BigDL: End-to-End Distributed Big Data AI Pipelines

BigDL is a Big Data AI project open-sourced by Intel. Latest BigDL 2.0 combines the original Analytics Zoo and BigDL projects, making it easy for data scientists and data engineers to develop distributed AI applications.

Figure 1. End-to-End Distributed AI Pipelines using BigDL

Most AI projects start with a Python notebook running on a single laptop; however, one usually needs to go through a mountain of pains to scale it to handle larger data set in a distributed fashion. The Orca library in BigDL seamlessly scales out the end-to-end AI pipeline (from data loading, to preprocessing, to feature engineering, to model training and inference) from local laptops to distributed clusters, as illustrated in Figure 1.

  • The user first installs BigDL and all the Python libraries (such as TensorFlow* or PyTorch*) in the local development machine (using pip or conda). Then the user simply initializes the application by calling init_orca_contex (this is the only place where one needs to specify local or distributed mode; otherwise, the code will be the exact same whether running on a local laptop or a distributed cluster
  • The user then loads the processes the data using a standard big data library (such as Spark DataFrames) or deep learning library (such as TensorFlow Dataset or PyTorch DataLoader); the Orca library runs these data processing pipelines in a data-parallel and distributed fashion.
  • After that, the user defines the deep learning models using standard deep learning APIs (that is, directly writing TensorFlow or PyTorch code inline with Spark program to build the model).
  • Finally, the user uses the sklearn-style Estimator APIs in the Orca library for transparent distributed training, inference and/or tuning (with AutoML) directly on Spark DataFrames using Spark or RayOnSpark (e.g., running TensorFlow models, tuning hyper-parameters with AutoML to get best model and configuration, etc.) 

Architecture of “AI at Scale” in Mastercard

Mastercard has adopted “AI at scale” approach to a couple of mission critical insight products, developed deep learning models and ran them on existing big data infrastructure at production. 
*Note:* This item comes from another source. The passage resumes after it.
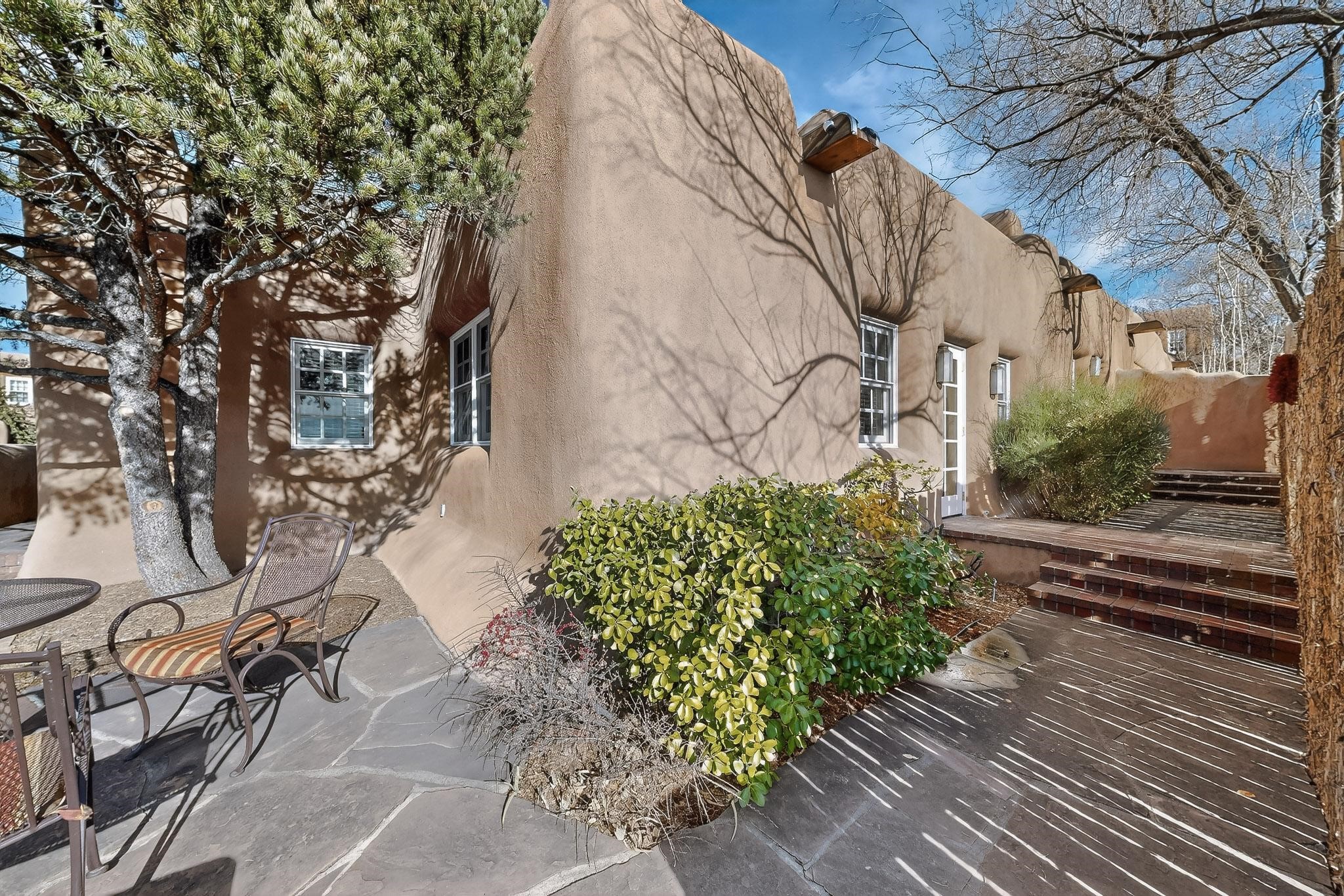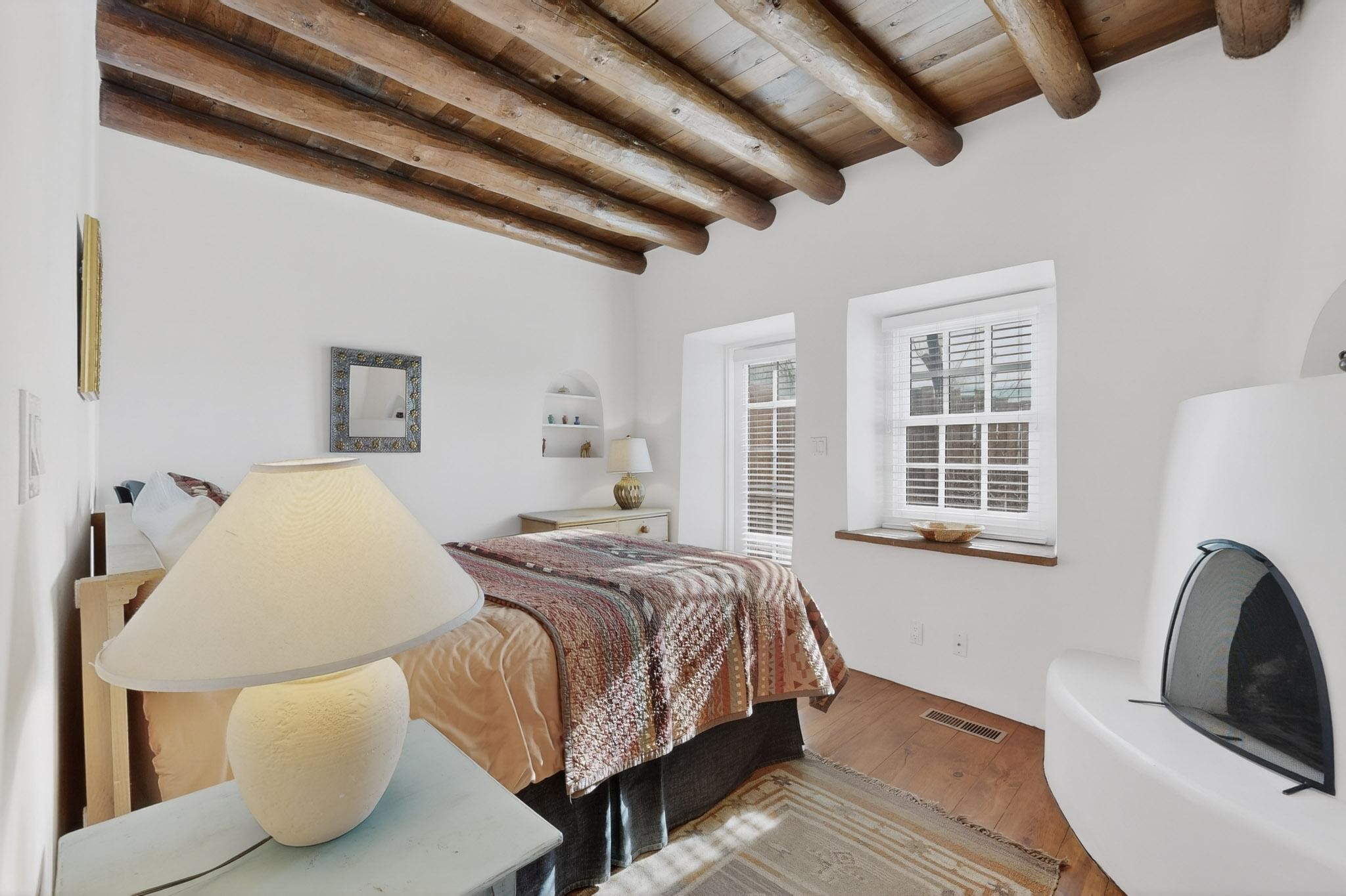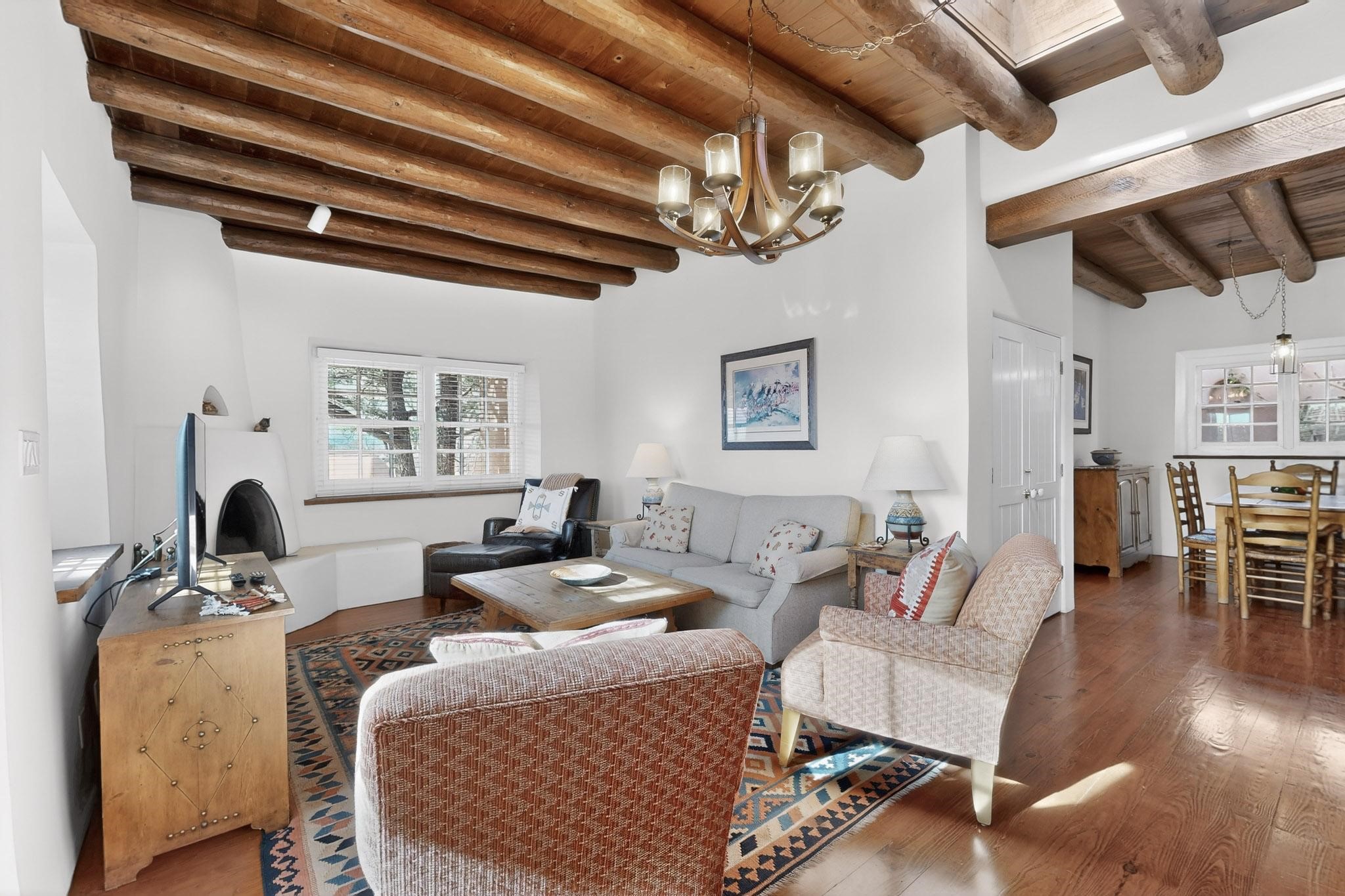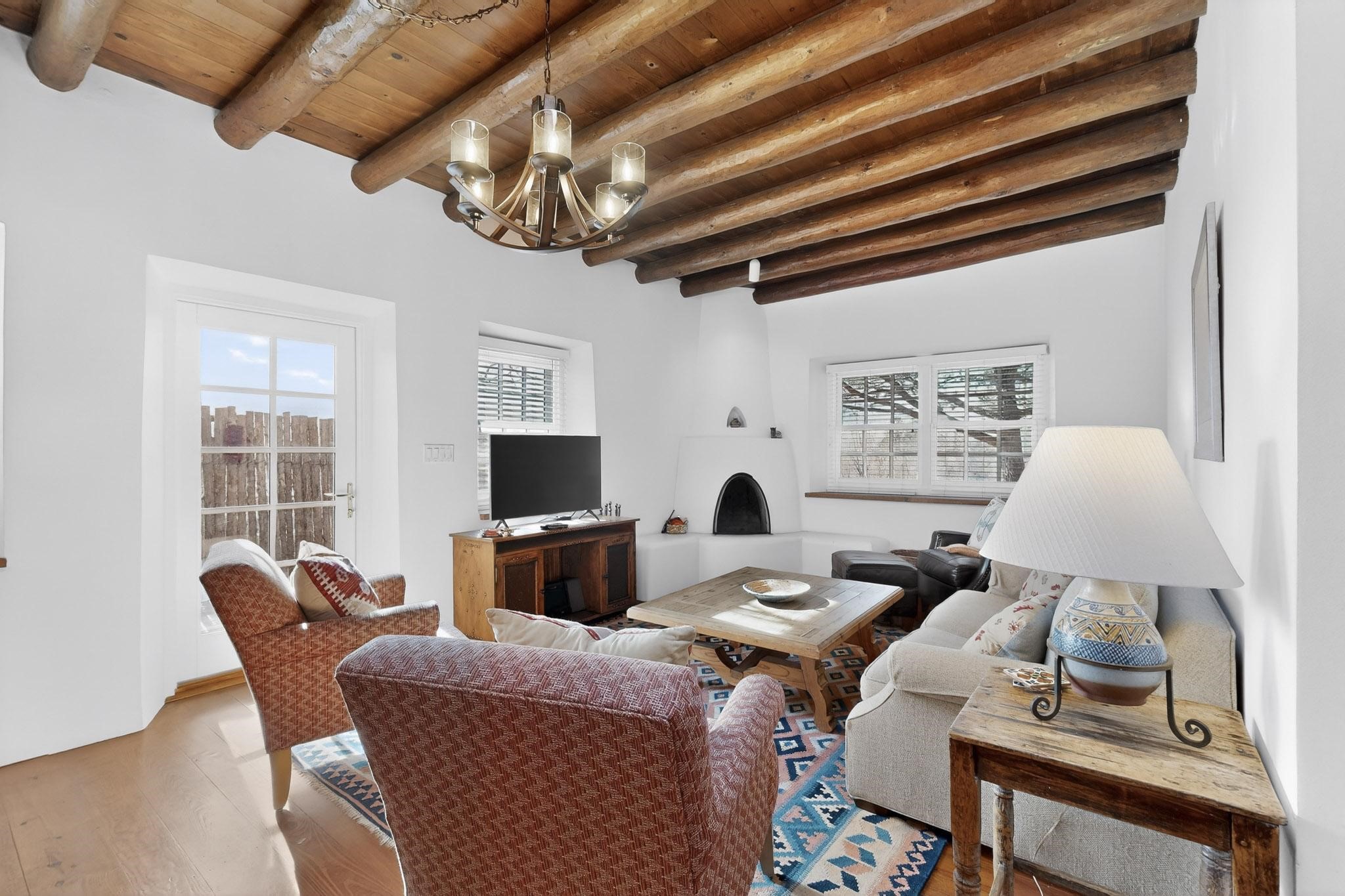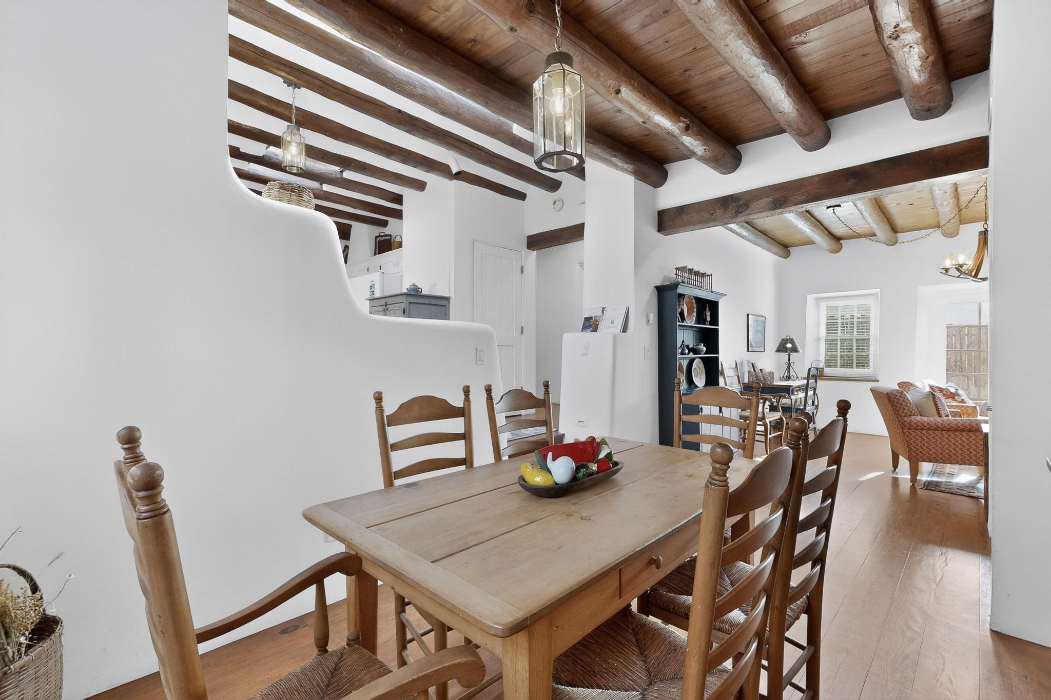 A charming condominium quarter share ownership near the Plaza, just a few blocks away! You'll find beautiful architectural details in the gracious old adobe homes, like vigas, coved plaster ceilings, kiva fireplaces, smooth plaster walls, hand-adzed lintels above windows and doors. Plus, you'll have a Talavera tile kitchen and baths. There are also walled, landscaped patio areas both in front and back of the house. Views of the downtown plaza areas from the living room and patio. The COA takes care of all the furnishings and maintenance, both inside and out. It's fully compliant with the short-term rental program.

Top challenges to address include:

  • Existing ML algorithms cannot gain good performance, then the deep learning approach was considered and adopted, but it’s often harder to gain access to a large GPU cluster and lack of convenient facilities in popular DL frameworks for distributed training. Applying deep learning to the existing production spark environment can improve accuracy and share the multi-tenancy data platform and infrastructure without investing extra money and effort on new GPU clusters. 
  • To transfer lots of data to additional specific infrastructure such as a standalone GPU cluster will require lots of efforts and bottlenecks at data privacy, regulation, and compliance (such as PCI/PII compliance and GDPR)
  • Align to Mastercard's strategy to increase revenue from data-driven businesses, to scale up data products and serve more customers with greater efficiency and scale and deploy AI algorithms that require more powerful computation resources, Data/ ML platform was required to support heterogeneous infrastructure and deployment environment, such as on cloud, on-premise and on soil, but we need a “unified AI at Scale” approach to keep the consistent and seamless user experiences and governance policies for multiple parties and ML lifecycle

Building on top of BigDL, Mastercard Data platform and Engineering Service teams have adopted an “AI at Scale” approach to accelerate the entire machine learning lifecycle (including data analysis, experimentation, model training, deployment, resource optimizations, monitoring, etc.). This is accomplished by building a unified Big Data AI architecture with BigDL on Hybrid data/ML infrastructures (which automates AI/ML pipelines and model lifecycle management), as illustrated in Figure 2.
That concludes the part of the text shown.